Nach über fünfzig Jahren trafen wir uns in Spanien wieder, wo ich inzwischen lebe. Es wurde ein feucht-fröhliches Treffen. Irgendwann zu fortgeschrittener Stunde und nach einer Menge Rotwein, sagte Liam: »Was wir erlebt haben, das müssen wir aufschreiben, die guten und die bösen Sachen. Du erzählst mir deine Abenteuer, ich pack meine dazu und du schreibst alles auf.«
So machten wir es. Als ich die erste Fassung las, begriff ich, wie abenteuerlich unser Seemannsleben in jenen Jahren war.

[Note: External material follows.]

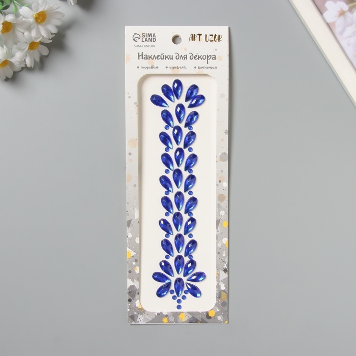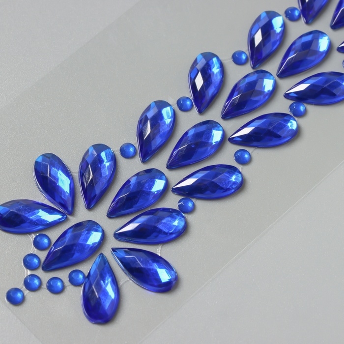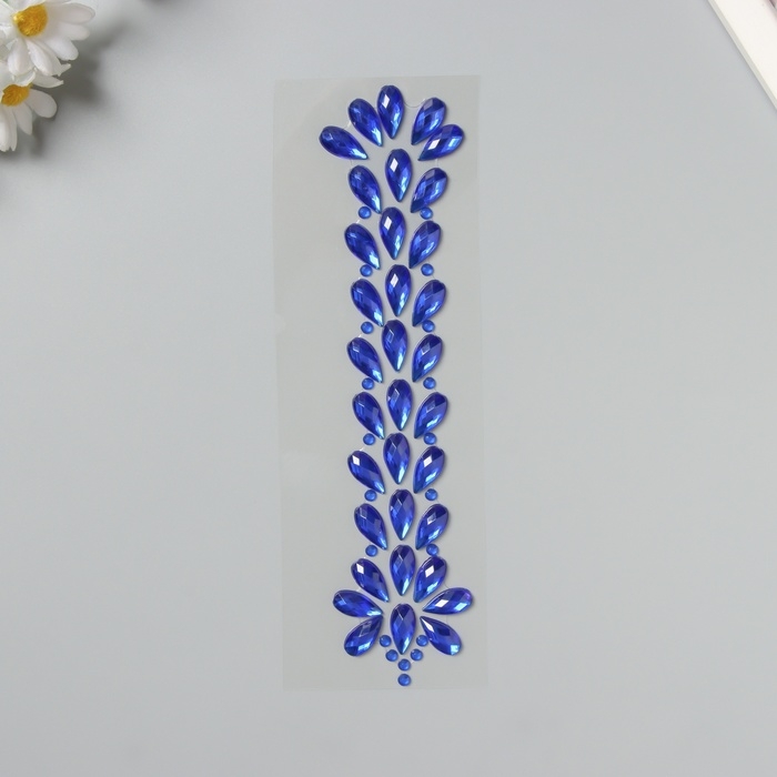 Наклейка пластик стразы "Фонтан" синяя 25х8,5 см

Manches mag nach Seemannsgarn klingen. Der Leser möge aber bedenken, dass man die damals gebräuchliche Technik nicht mit der des 21. Jahrhunderts vergleichen kann. Container-Schiffe gab es noch nicht, nicht mal MacGregor-Luken. Die Laderäume wurden mit Holzdeckeln abgedeckt und mit ölgetränkter Persenning gegen Regen und überkommende See geschützt. Was aber den angenehmen Nebeneffekt hatte, dass die Liegezeiten in den Häfen oft Wochen dauerten. Mit der San Juan Trader lagen wir mal mehr als drei Wochen vor der peruanischen Küste auf Reede und warteten auf Fracht. Mit einigen Kameraden nutzte ich die Zeit für einen Ausflug in die Halbwüste zwischen dem Erzhafen und der Stadt San Juan, der unser Schiff den Namen verdankte. Bei den extrem kurzen Liegezeiten heute, oft nur Stunden, sind solche Abenteuer undenkbar.

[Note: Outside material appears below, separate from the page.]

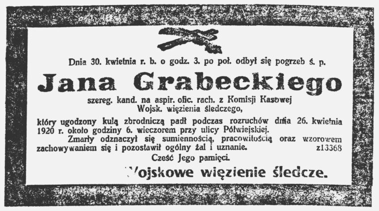 ** szer. Jan Grabecki, ur. w 1896 r. w Pieruszyczkach pod Pleszewem; zginął przy ul. Półwiejskiej, ugodzony kulą (por. nekrolog niżej).

Auch die Navigation war abenteuerlich. Ich erinnere mich, wie ich mal im Indischen Ozean gegen Mittag zur Wachablösung auf die Brücke kam. Es war trübes Wetter, die Sonne für die Bestimmung des Breitengrades um 12 Uhr, Mittagsbesteck genannt, ließ sich nicht blicken. An Backbord war ein schmaler Streifen Land zu sehen und ich hörte, wie einer der Offiziere sagte: »Ist das Indien oder Ceylon?«
Wir sind trotzdem wohlbehalten in Singapur angekommen.

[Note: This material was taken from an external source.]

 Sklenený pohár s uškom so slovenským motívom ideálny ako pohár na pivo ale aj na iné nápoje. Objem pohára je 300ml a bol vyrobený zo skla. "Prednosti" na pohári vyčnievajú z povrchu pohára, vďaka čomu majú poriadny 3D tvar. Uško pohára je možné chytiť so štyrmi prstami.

Inzwischen sind Menschen auf dem Mond gelandet, wir haben Satellitennavigation und in beinahe jedem Pkw ein GPS. Die ersten Autos fahren autonom, und bald wird man nicht mehr am Lenkrad sitzen müssen.
In den 50-zigern gab es eine deutsche Reederei, die prinzipiell keine Radargeräte auf ihren Hochseeschiffen installieren ließ. Begründung: Der Einsatz eines Radargerätes auf der Brücke eines Seeschiffes führt zwangsläufig dazu, dass die Aufmerksamkeit der Offiziere nachlässt. Anders gesagt - geht auch bei Nebel gefälligst verantwortungsvoll Wache und Ausguck.
Die Buchreihe Ferne Ufer und der erste Band Shanghai ist keine Fortsetzung meines Buches Saigon. In Saigon wird der Lebensweg zweier Männer und ihre Flucht aus Europa beschrieben. Hans, der Seemann und Jean-Pierre, der ehemalige Mann der Waffen-SS. Ihr gemeinsames Ziel ist Vietnam. Sie gehen an Bord eines deutschen Frachters und treffen dort auf den Schiffsjungen Jens.
Die Zusammenarbeit mit Liam und die Erinnerungen an jene gemeinsamen Jahre auf See, hat uns beide so fasziniert, dass wir nach der Freigabe des ersten Buches Shanghai zum Druck nicht nur eine, sondern mehrere Fortsetzungen beschlossen haben.